Speaking (politely) for the people

Recent Charleston City Council meetings have been lacking the theatrics of, say, former Councilman Wendell Gilliard's baggy pants mannequin. But they can apparently still bring out fierce emotions.

After City Councilman Tim Mallard's latest argument with city staff, fellow Councilman Aubry Alexander introduced a bill that would establish rules of decorum for the council. The city has established rules for the audience when speaking during public comment periods, but has no guidelines for how the council treats each other or the staff.

"Why aren't we holding ourselves to the same standard?" Alexander asks.
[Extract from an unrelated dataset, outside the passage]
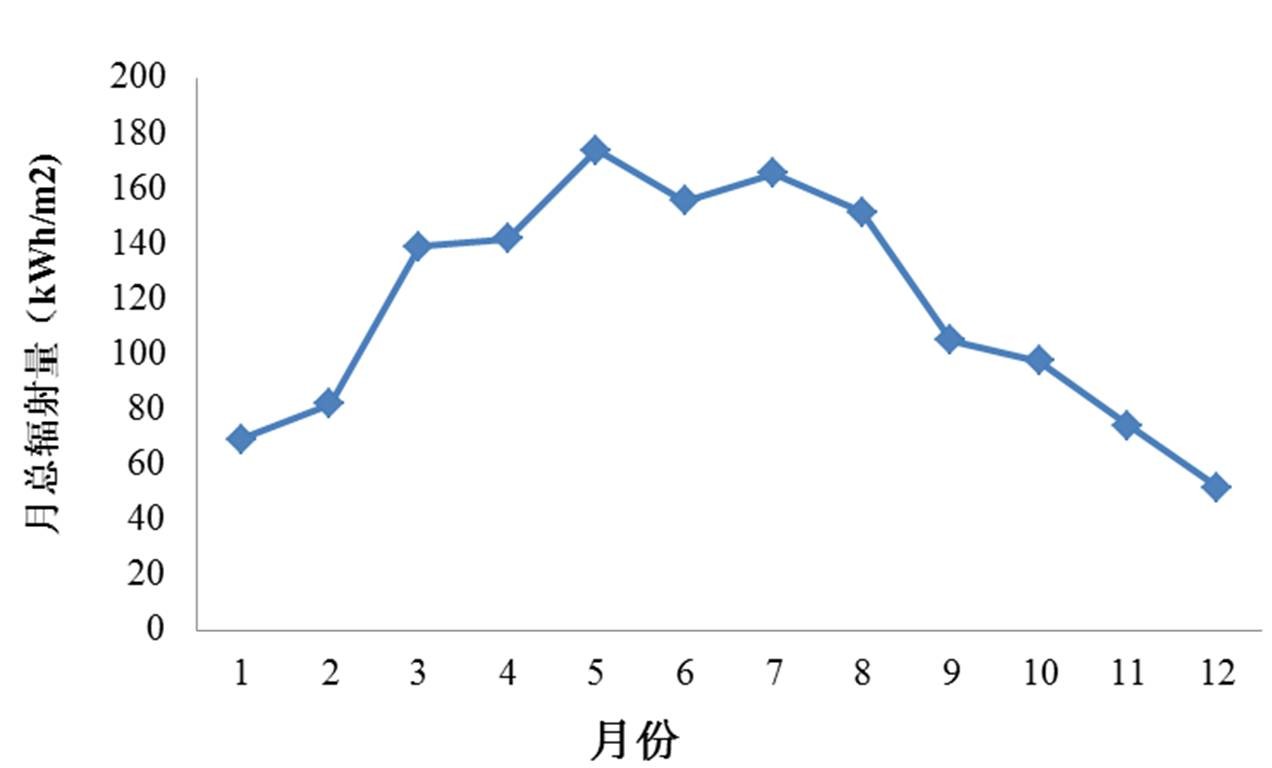 3)一年之中,太阳能总辐射量主要集中在3~9月,总辐射量占全年的73%。

The proposal introduced to council last week would require council members to speak respectfully, limit private conversations during meetings, and avoid walking around or causing a disturbance while the council is voting on a matter. An offending council member would receive a warning and then be removed from the chambers if they did not comply. The ordinance would also make any violation a misdemeanor.

Alexander says the proposal was meant as "a hammer" to prompt discussion, but he's dedicated to getting some sort of rules passed.

Mallard says that he has apologized to the clerk for the recent outburst that prompted the proposed rules, but he won't apologize for trying to get a fair accounting of the city's business.

"I ask a lot of tough questions," he says. "If they don't want to answer your question, they say you're rude."